Left, Right
This work is composed of two books. The one with an arrow pointing to the right on the cover contains photographs of women and men during the period of the Republic of China government, from 1912 to 1949; the one with an arrow pointing to the left presents those taken from 1949 to 1978, since the founding of the People’s Republic of China to the reform and opening up of the country. Those portraits were selected by me from nearly 600,000 photographs and divided chronologically according to people’s clothing, makeup, and the text on the backs of the photos. The pictures with the same page number on the opposite sides are a pair. The comparison and contrast of the two books display the changes in the appearance of women and men as mapped by the different social systems and ideologies of the two periods.
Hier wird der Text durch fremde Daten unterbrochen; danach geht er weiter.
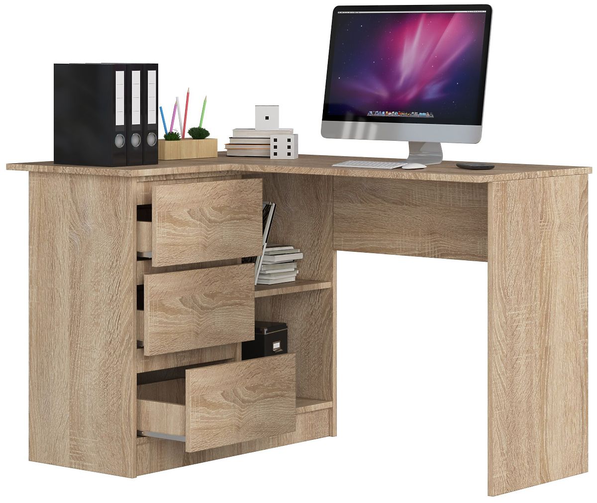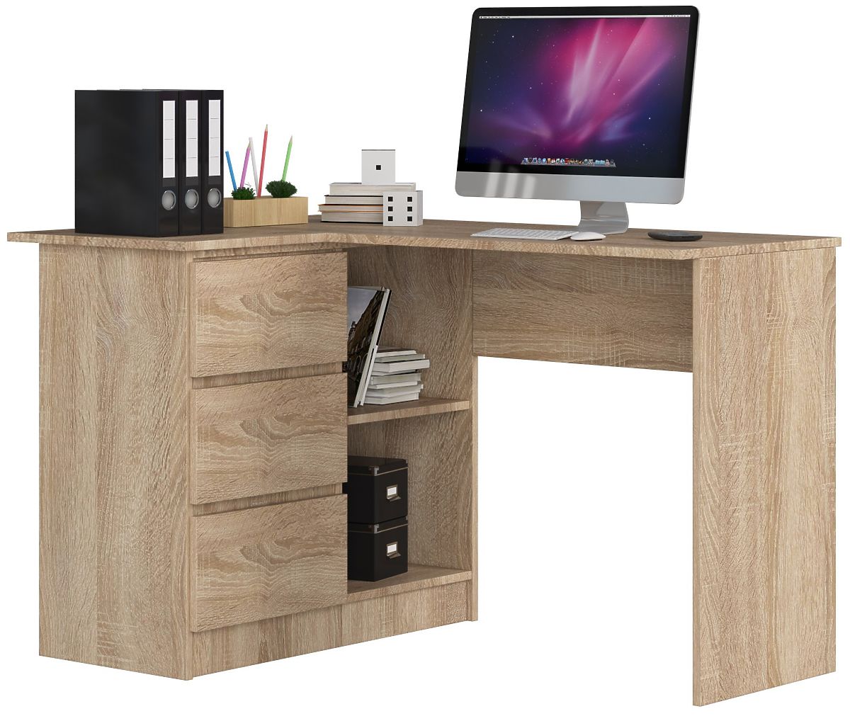 Dobre spracovaný rohový počítačový stôl je vyrobený z kvalitných materiálov a nielenže vyzerá skvele, ale tiež zaisťuje solídnosť a skvelý vzhľad po mnoho rokov.

Bildautor*innen: Cai Dongdong
Gestaltung: Cai Dongdong, Wang Lisa
Herausgeber*innen: Cai Dongdong
Verlag: Self-publishing
Verlag Bestell-Link: Left, Right
Laudation von Alexa Becker
Kunsthistorikerin, Fotobuchexpertin und freie Beraterin für Fotograf*innen, Heidelberg
Dem in Berlin lebenden Künstler- Fotografen Cai Dongdong ist mit Left, Right ein kleines Buch mit einer großen Wirkung gelungen. Es gehört zu jenen Werken, die man sich erst einmal erarbeiten muss.
Für dieses Projekt greift Dongdong auf ein beeindruckendes Archiv von rund 600.000 anonymen Fotografien zurück. Genaugenommen handelt es sich um Passfotos, die für offizielle Zwecke der Identifikation und Dokumentation entstanden sind.
Aus diesem Material wählt er Porträts von Frauen und Männern aus zwei historischen Epochen: Auf der linken Seite sind Aufnahmen aus der Republik China zwischen 1912 und 1949, auf der rechten jene aus der Volksrepublik China zwischen 1949 und 1978 zu sehen.
Cai Dongdong stellt Personen ähnlichen Alters, mit vergleichbarer Gesichtsform und Haltung einander gegenüber. Und doch lassen sich in Haartracht, Kleidung, Ausdruck und Haltung feine Unterschiede erkennen. Ohne digitale Manipulation oder andere Kunstgriffe entsteht ein stiller Dialog zwischen zwei Menschen aus verschiedenen Epochen, zwischen zwei politischen Systemen und gesellschaftlichen Ordnungen.
Seit Jahren beschäftigt sich Dongdongs Werk mit der Frage, wie Fotografie ideologisch geprägt wird. Left, Right zeigt, wie stark staatliche Politik Spuren im Privaten hinterlässt - und gleichzeitig, wie viel Menschliches in all diesen Bildern unverändert bleibt. Zwischen Systemwechseln und politischen Umbrüchen erkennen wir Kontinuitäten von Hoffnung, Verletzlichkeit und Würde.
Die physische Form des Buches ist dabei zentral: Left, Right ist als eine Art Zwillingsbuch gestaltet - zwei Bücher werden von einem Einband umhüllt und zusammengehalten. Um die Gegenüberstellungen der Gezeigten wirklich zu erleben, sieht man sich gezwungen, mit beiden Händen gleichzeitig zu blättern, ganz gegen unsere Gewohnheit. Dieses notwendige, synchrone Blättern zwingt uns gleichsam in eine bewusste, konzentrierte Betrachtung. Geschichte wird hier rein visuell - dialogisch erfahrbar.
Der Umschlag aus feinem, anthrazitfarbenem Leinen weckt durch seine Haptik Assoziationen mit der Kleidung der Gezeigten. Die Passfotos sind im Originalformat abgedruckt, auf dünnem, elfenbeinfarbenem Papier. Die Zartheit der Seiten lässt uns langsamer, vorsichtiger blättern - hat man doch das Gefühl, Menschen zu begegnen, die aus der Masse der Anonymität behutsam hervorgeholt wurden.
Left, Right zeigt auf prägnante Weise, wie sich gesellschaftliche und politische Veränderungen in einem standardisierten Bildtyp niederschlagen. Es ist ein konzentriertes, klug konzipiertes Buch, das unsere Wahrnehmung schärft und einen vertrauten Bildgegenstand neu öffnet.